Non-splitting Eulerian-Lagrangian WENO schemes for two-dimensional nonlinear convection-diffusion equations
Nanyi Zheng, Xiaofeng Cai, Jing-Mei Qiu, Jianxian Qiu
TL;DR
This work develops a high-order, conservative, non-splitting Eulerian-Lagrangian finite-volume WENO framework for two-dimensional convection-diffusion equations. By introducing a modified velocity field and a flux-form semi-discretization, the authors relax the time-step restriction for convection while preserving mass conservation via a remapping strategy that uses a fixed Eulerian WENO reconstruction to update moving upstream cells. The approach integrates high-order spatial WENO-ZQ reconstructions with IMEX Runge-Kutta time integration, enabling accurate treatment of both convection and diffusion on dynamic meshes, and extends naturally to nonlinear fluxes with minimal overhead.
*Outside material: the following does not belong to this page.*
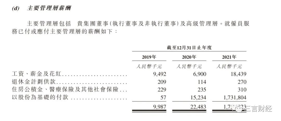 不过,2019年和2020年两年,沈晖薪酬中并不包含限制股份或购股权开支,仅含薪金及花红。分别为145.6万元和161.8万元。
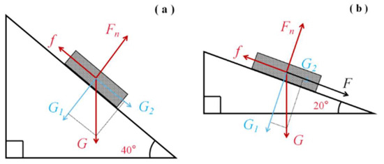 (a) Overall force analysis of snow accumulation at a 40° dip angle. (b) Overall force analysis of snow accumulation at a 20° dip angle.

Numerical tests on linear and nonlinear problems validate third-order spatial and temporal accuracy, demonstrate robustness under large CFL numbers, and confirm mass conservation across challenging flow scenarios, highlighting the method’s potential for efficient, high-fidelity simulations of complex convection-diffusion phenomena.
Abstract
In this paper, we develop high-order, conservative, non-splitting Eulerian-Lagrangian (EL) Runge-Kutta (RK) finite volume (FV) weighted essentially non-oscillatory (WENO) schemes for convection-diffusion equations. The proposed EL-RK-FV-WENO scheme defines modified characteristic lines and evolves the solution along them, significantly relaxing the time-step constraint for the convection term. The main algorithm design challenge arises from the complexity of constructing accurate and robust reconstructions on dynamically varying Lagrangian meshes. This reconstruction process is needed for flux evaluations on time-dependent upstream quadrilaterals and time integrations along moving characteristics. To address this, we propose a strategy that utilizes a WENO reconstruction on a fixed Eulerian mesh for spatial reconstruction, and updates intermediate solutions on the Eulerian background mesh for implicit-explicit RK temporal integration. This strategy leverages efficient reconstruction and remapping algorithms to manage the complexities of polynomial reconstructions on time-dependent quadrilaterals, while ensuring local mass conservation. The proposed scheme ensures mass conservation due to the flux-form semi-discretization and the mass-conservative reconstruction on both background and upstream cells. Extensive numerical tests have been performed to verify the effectiveness of the proposed scheme.